Boarding the plane was another problem. The jumbo jet had two aisles and three columns of seats—something I was unaware of. Walking on the plane like I owned the place, I ignored the stewardess’ offer to look at my ticket, and turned right down the first aisle only to discover my seat was on the other side of the plane. Instead of letting me cross through a row of seats, another stewardess made me stand in the back until every damned passenger had found their seat. I never realized how ridiculously inept humanity is until I watched several hundred people trying to cram their shit into overhead compartments and move in and out of seats.

Finally, I was allowed to go to my seat. But when I arrived, my place had been taken by some little punk. I had to wake him and ask what his seat was. “17A,” he replied—which was bullshit, because that’s what I was. As much as I love having a window seat, I wasn’t especially mad at him. Fair enough, I thought, and took his seat, sitting bitch.

This was just one time of many in my life in which the “fair enough” mentality was a blessing, because the kid turned out to be quite interesting. We had been chatting for a little bit when he told me that he was from Saipan. I was dumbstruck. The dude talked and acted as if he was born and raised in the LA ‘burbs. He was throwin’ “hella” and “fuck” into the conversation like a true American—It was only well after that conversation that I remember Saipan is part of the fucking United States (dumb-ass!)

My original plan for the flight was to sleep through the first half and wake up around 10am EST. That way, I would minimize jet-lag and be ready for the bachelor party when I arrived in Detroit—At least that was the plan. All of that went out the window when the stewardess reminded me that wine was free. Instead of sleeping, I got drunk on red wine and reread the first novel in The Lord of the Rings trilogy.

I blame Delta airlines for this decision. The timing of the meal and drink service was impeccable. As soon as I had finished my plastic cup (which was almost two full wine glasses), there was another service coming by. From an alcoholics point-of-view, it was wonderful. I have to comment on the amount of food as well. It was insane. Or maybe the amount wasn’t insane, but the stewardess’ insistence that you take and eat everything made me feel like I was a toddler at the dinner table again. We were those force-fed chickens that the people behind “Food, Inc.” made so much money off of by exposing.

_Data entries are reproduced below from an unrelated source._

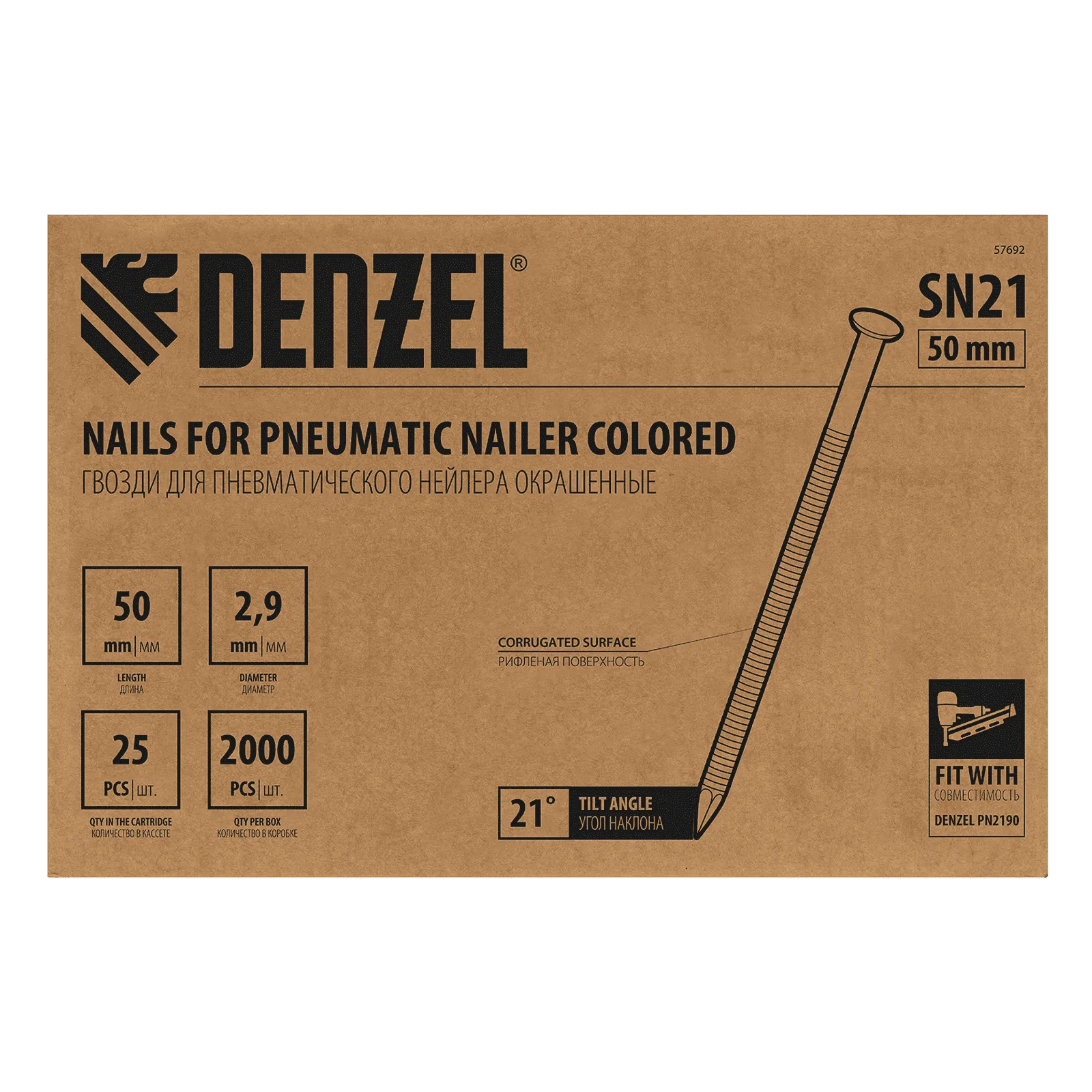 Гвозди Denzel 57692 типа SN21, длиной 50 мм и диаметром 2,9 мм, с крашеной поверхностью, 2000 шт. в упаковке, — расходники для пневматического нейлера. Используются для скрепления различных материалов, будут полезны во время сборочных и отделочных работ.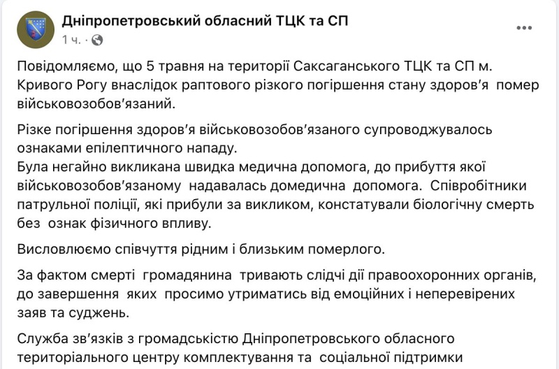 Такой официальный комментарий дал ТЦК Кривого Рога о смерти мужчины на их территории.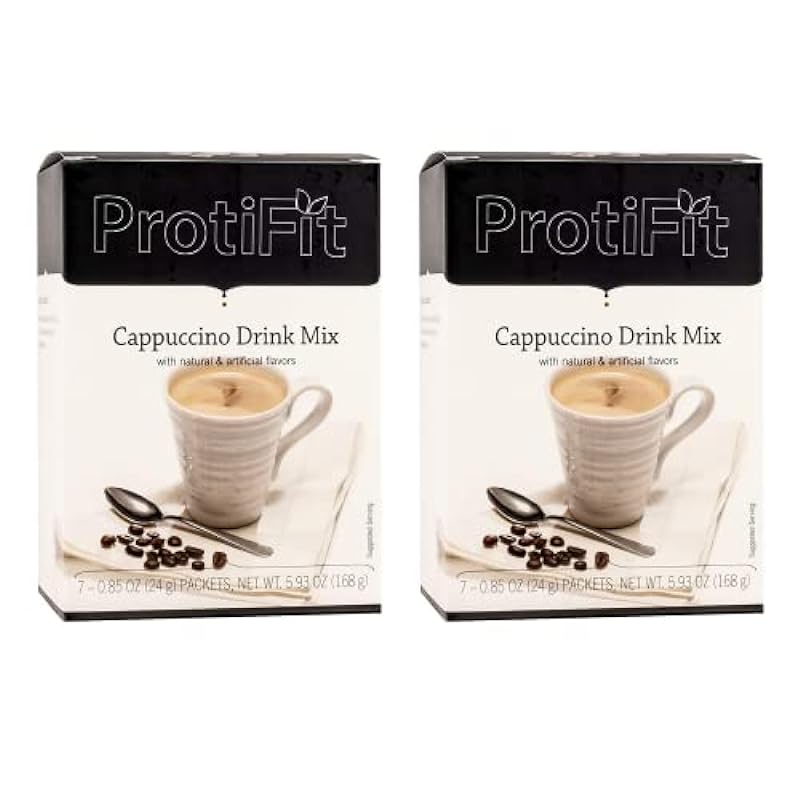 PROTIFIT – High Protein Decaf Cappuccino Drink Mix,15g Protein, Low Calorie, Low Carb, Low Fat, Low Sugar, Cholesterol Free, Ideal Protein Compatible, 7 Servings Per Box, (2 Pack) 704585951

Eventually, I passed out mid-sentence (right around the time Frodo and company arrived in Rivendell). Needless to say, the sleep was much needed, but it was cut short less than an hour later when Saipan-man got a bloody nose. The lady in the aisle seat and I quickly got our shit and got out of his way. Had I been in my window seat, this wouldn’t have been a problem—JUST SAYIN’.

I went back to the stewardess and asked for napkins and water. I felt bad for the kid. Apparently it was his first time flying alone. After the whole ordeal, I was too awake to fall back asleep. I decided to watch the new Mad Max instead. The stewardess, bless her heart, gave me another healthy pour of red wine as a way of thanks for helping the kid. After the movie I was able to sleep for another hour or so before landing.

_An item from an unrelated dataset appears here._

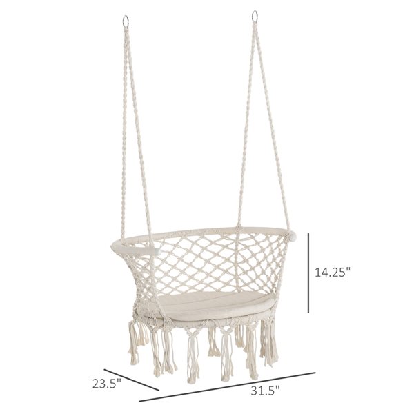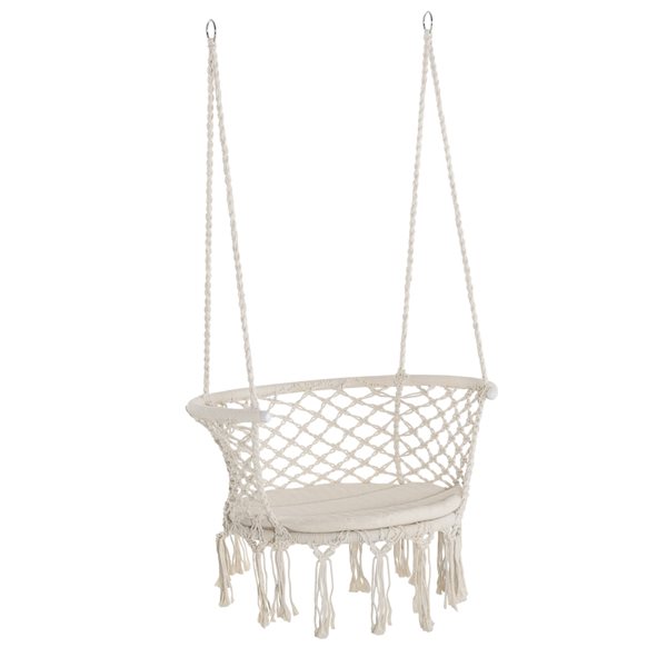- Boho-style hammock chair features macrame net pattern with hanging fringe tassels for an unmatched look of elegance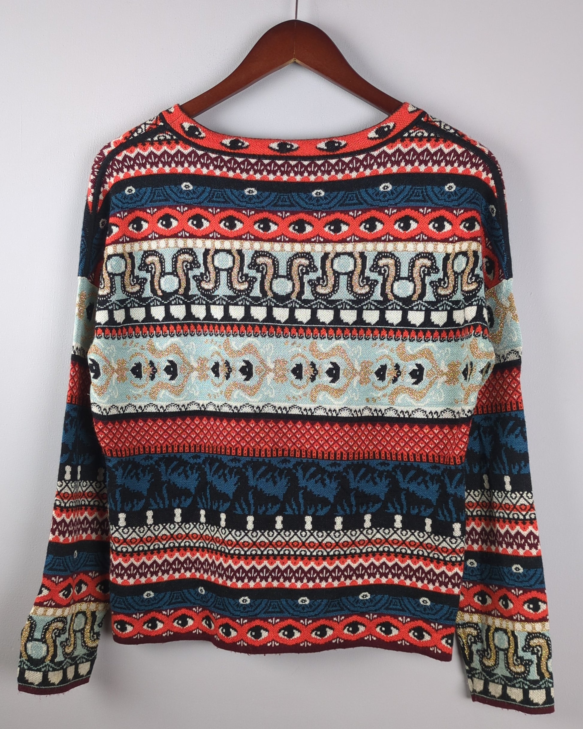 A colorful long-sleeve sweater featuring a vibrant tribal pattern with geometric shapes and eye motifs.

I had been dreading U.S. customs, but the new electronic system made the process (nearly) painless. What got me was being stopped by three police officers in a row. I think my problem was making eye contact. It’s much easier for them to get my attention and call me over if I’m already looking at them. After having three identical conversations with the needlessly hostile officers, I was on my way.

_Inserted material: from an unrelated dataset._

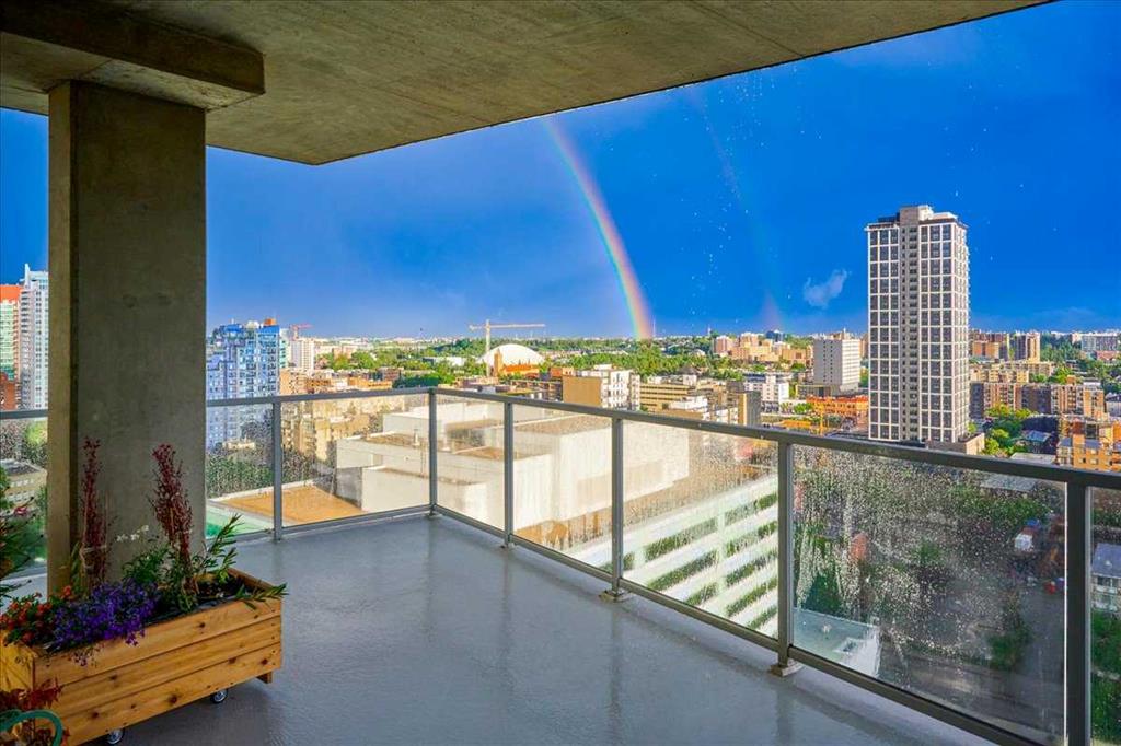 Designer Corner Unit with Panoramic City Views in the Heart of the Beltline. Step into modern luxury with this 17th-floor corner residence in the sought-after Castello building. Boasting floor-to-ceiling windows, 9-foot ceilings, and a massive wrap-around balcony, this home is designed for those who value natural light, stylish finishes, and unbeatable views spanning east, south, and west across Calgary’s skyline. Not to mention your own private viewing of the Stampede fireworks!

Earlier that morning, my sister had left her car in the parking structure with the keys inside. Both the bachelorette and bachelor parties were already underway by the time I landed, so no one in my family could pick me up. Following her instructions, I found the car without a problem, punched in the security code, put my luggage in, ate a bread roll from the airplane’s “breakfast” service, chugged some water, put the car in gear, and headed to Detroit. Thank god for the parking structure, because I started out driving on the wrong side of the street.

The drive to downtown was a nice reentry to America—and by “nice,” I’m talking about potholes as far as the eye can see, anti-abortion billboards, and a general sense of decay. I had forgotten how big American SUVs are. Even in my sister’s Ford Escape, a “mid-sized” car, I felt like I was swimming.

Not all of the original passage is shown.